What the task asks | When you copy the entries, keep every word exactly as it is and drop the images.

Start of Block

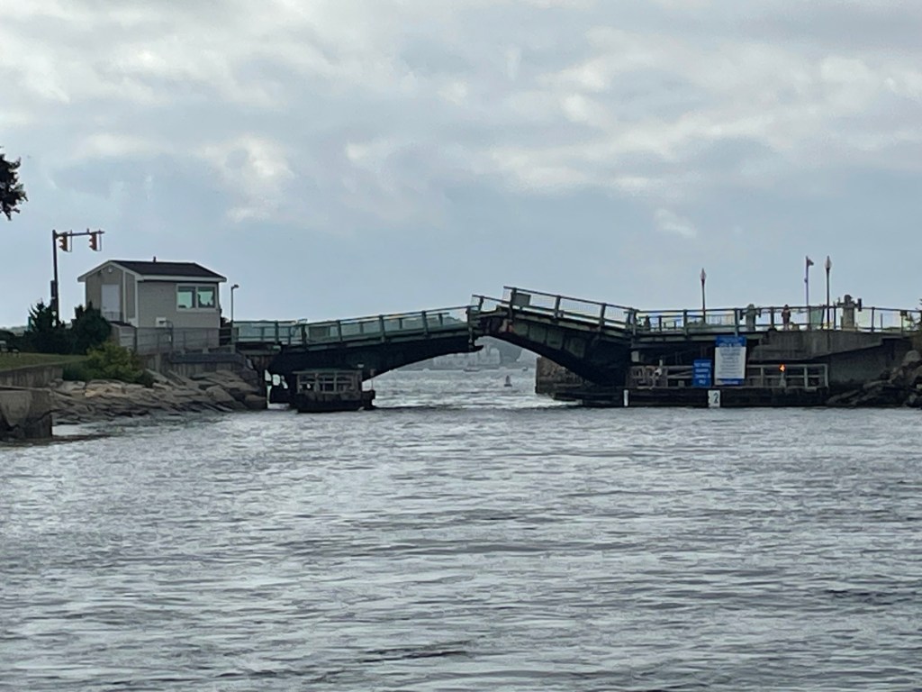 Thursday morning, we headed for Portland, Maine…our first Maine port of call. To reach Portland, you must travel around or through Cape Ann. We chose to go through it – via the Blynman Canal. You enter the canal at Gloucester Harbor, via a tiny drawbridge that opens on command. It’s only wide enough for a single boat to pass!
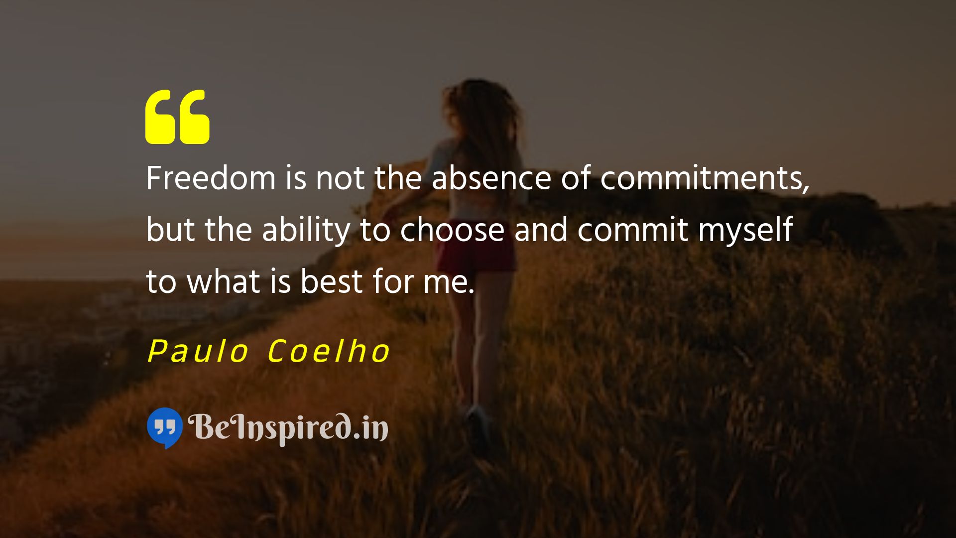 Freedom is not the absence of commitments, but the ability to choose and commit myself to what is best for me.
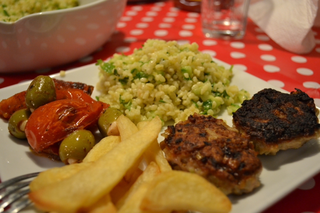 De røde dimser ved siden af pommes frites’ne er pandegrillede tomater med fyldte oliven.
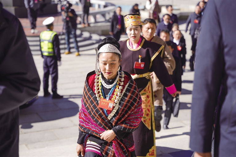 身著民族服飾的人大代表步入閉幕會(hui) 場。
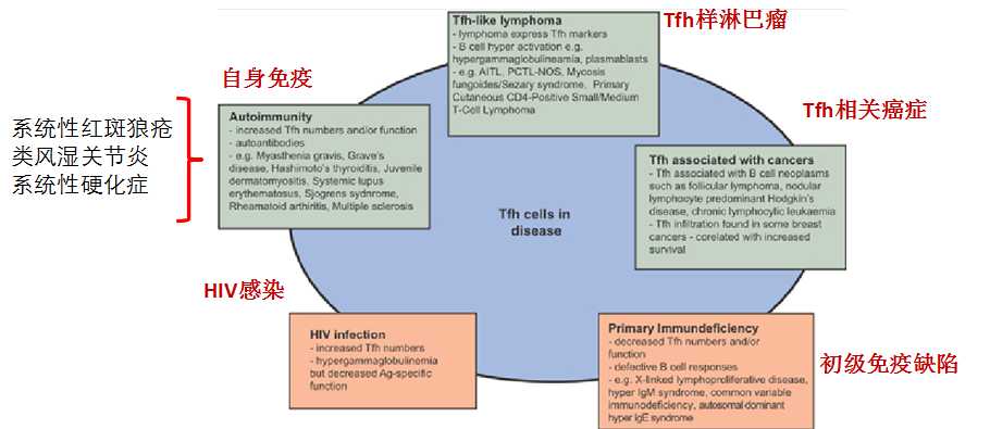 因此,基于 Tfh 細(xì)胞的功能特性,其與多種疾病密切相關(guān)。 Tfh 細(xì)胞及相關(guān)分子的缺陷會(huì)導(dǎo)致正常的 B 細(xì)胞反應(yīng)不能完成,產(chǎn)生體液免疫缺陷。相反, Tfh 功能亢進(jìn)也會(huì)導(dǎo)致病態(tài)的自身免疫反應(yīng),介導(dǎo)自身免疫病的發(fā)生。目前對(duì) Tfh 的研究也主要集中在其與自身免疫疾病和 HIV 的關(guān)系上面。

End of Block

Exercise response |
 Thursday morning, we headed for Portland, Maine…our first Maine port of call. To reach Portland, you must travel around or through Cape Ann. We chose to go through it – via the Blynman Canal. You enter the canal at Gloucester Harbor, via a tiny drawbridge that opens on command. It’s only wide enough for a single boat to pass!
 Freedom is not the absence of commitments, but the ability to choose and commit myself to what is best for me.
 De røde dimser ved siden af pommes frites’ne er pandegrillede tomater med fyldte oliven.
 身著民族服飾的人大代表步入閉幕會(hui) 場。
 因此,基于 Tfh 細(xì)胞的功能特性,其與多種疾病密切相關(guān)。 Tfh 細(xì)胞及相關(guān)分子的缺陷會(huì)導(dǎo)致正常的 B 細(xì)胞反應(yīng)不能完成,產(chǎn)生體液免疫缺陷。相反, Tfh 功能亢進(jìn)也會(huì)導(dǎo)致病態(tài)的自身免疫反應(yīng),介導(dǎo)自身免疫病的發(fā)生。目前對(duì) Tfh 的研究也主要集中在其與自身免疫疾病和 HIV 的關(guān)系上面。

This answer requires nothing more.